It was not that long ago, that we started to hear of a brand new
Atari-based diskmag which seemed to promise quite a lot. ST-Offline was
that new shining light in the grey and dingy diskmag firmament, and
almost before we could identify the website from whence it came, the
launch issue was upon us! Of course, the crucial question you will all
be asking ie. "Is it any good?" soon follows.

As a senior member of the jealously guarded diskmag hierarchy, further
investigations were required! I obtained a copy, which seemed to depack
down to the sort of footprint that would normally smudge over two double
sided floppy disks. At this stage we were hearing from early customers
that it 'sort of' had Falcon and hard disk compatibility. That the shell
program ran from the hard drive, but it still expected the other disk
containing the articles, still to be on floppy drive A: So I didn't take
any chances, creating such a data disk.

I had a few clues what to expect, even before I clicked on a program
icon. The two prime movers behind this new arrival, were none other
than Chris "Mega Diskmag" Swinson, and Lee "UFO-ST" Round. I had
encountered at least one of each of their productions, in the past, and
the verdict was mixed. 'Mega', or at least the early issue I saw was a
total disaster in the menu shell department. It relied on some abandoned
ZX Spectrum megademo menu from 1986, as its primary user interface,
which wasn't even satisfactory for its original purpose back then! The
articles were a mixture of a few strangely interesting pieces from
Chris, and a whole heap of internet blagged stuff which was a bizarre
mixture of self-help Americanisms, and outright paranoia.
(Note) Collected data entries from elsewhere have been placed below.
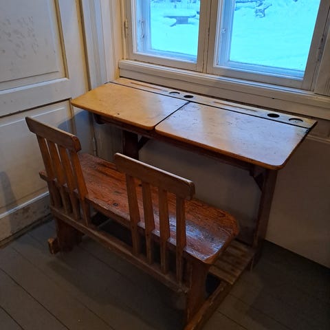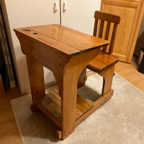 Myydään kuvanmukainen kahden istuttava vanha pulpetti. Maalattu valkoiseksi, pinnassa kulumaa. Pulpetin sisällä DC-FIX -tarrapaperi pohjassa. Penkissä rako, joka tuettu alta metallikulmalla. Kummallakin sivulla koukut. Saa tulla katsomaan ennen ostopäätöstä. Nouto.
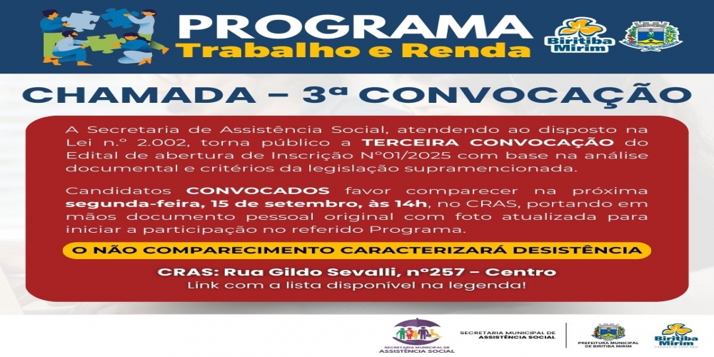 3ª CONVOCAÇÃO PROGRAMA TRABALHO E RENDA
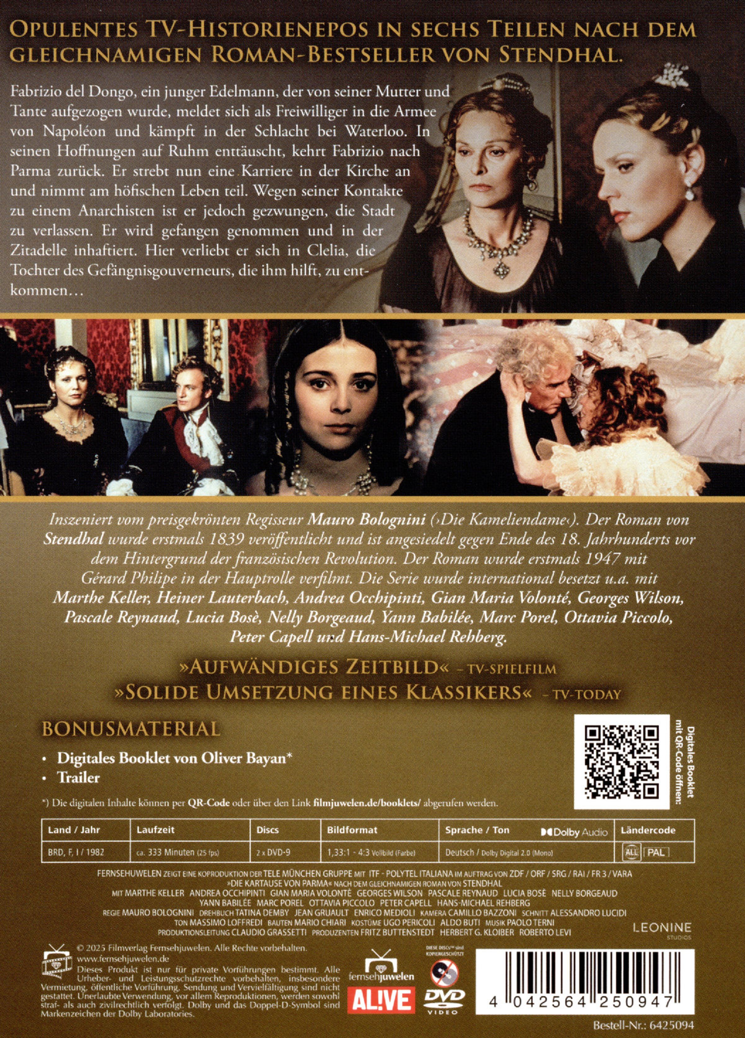 Vor dem Hintergrund der französischen Revolution und ihren Auswirkungen erzählt dieser Sechsteiler nach dem berühmten Roman Stendhals die Geschichte des jungen Fabrizio del Dongo, eines glühenden Bewunderers Napoleons, der zunächst in die Armee eintritt, verwundet wird und nach seinem Studium als Monsignore in die Stadt seiner Träume - nach Parma - gelangt. Weil er sein Gelübde noch nicht abgelegt hat, mangelt es ihm nicht an Damenbekanntschaften. Dies bringt ihm den Ärger eines verschmähten Rivalen ein, und so wird ein Attentat auf ihn verübt. Sein alter Lehrer, den er auf einer Erholungsreise trifft, sagt ihm indessen eine dunkle Zukunft voraus. Sein Bestreben, diese nicht eintreffen zu lassen, beschwört das Unheil jedoch geradezu herauf. In einem Kampf tötet Fabrizio seinen Erzfeind und wird nach einiger Zeit der Flucht in der Zitadelle von Parma inhaftiert, wo er Clelia kennen lernt, in die er sich verliebt. Sie schenkt ihm einen Sohn, der jedoch an Krankheit stirbt. Dies zieht auch den Tod der Mutter nach sich. Im Alter zieht Fabrizio sich schließlich in die Kartause, das Kloster von Parma, zurück, um auf seinen Tod zu warten.
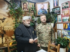 12 апреля 2026 года. Настоятеля храма Тихвинской иконы Божией Матери архимандрита Гавриила (Коневиченко) с Юбилеем – 60-летием поздравил казак «Невской сечи» Владимир Георгиевич Бурла
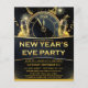 New year's eve party invitation flyer with an elegant clock, fireworks, drinks, and text in gold color, and a black background. Great for any business, corporate event, or club that wants to celebrate on December 31st. Personalize the text and year and add any extra message, social media, or logo by clicking the button to edit the design.

"Grow big muscles, make $$$$ today, oh, and by the way, they're controlling
your mind from satellites in outer space!"

I never saw any more issues of Mega after that, but I gather up to four
issues in total were produced.

Lee Round came to our attention in the ST Plus days. He hovered on the
fringes of that publication for a while, but came up with quite a tidy
production of his own that lasted a couple or so issues. This was
UFO-ST, which managed to take STOS, and bend it into quite an impressive
multi-media styled menu shell. Didn't work very well on the Falcon, but
still, you can't have everything. The contents, I'll sort of skim over,
having been inspired to produce the deliberately sceptical 'Psycho
Babble Project',this time two years ago, by the more overwrought textual
outpourings of the UFO lobby!

With this pairing, it was going to be interesting to see what happened,
when these prodigies of diskmagdom finally worked together!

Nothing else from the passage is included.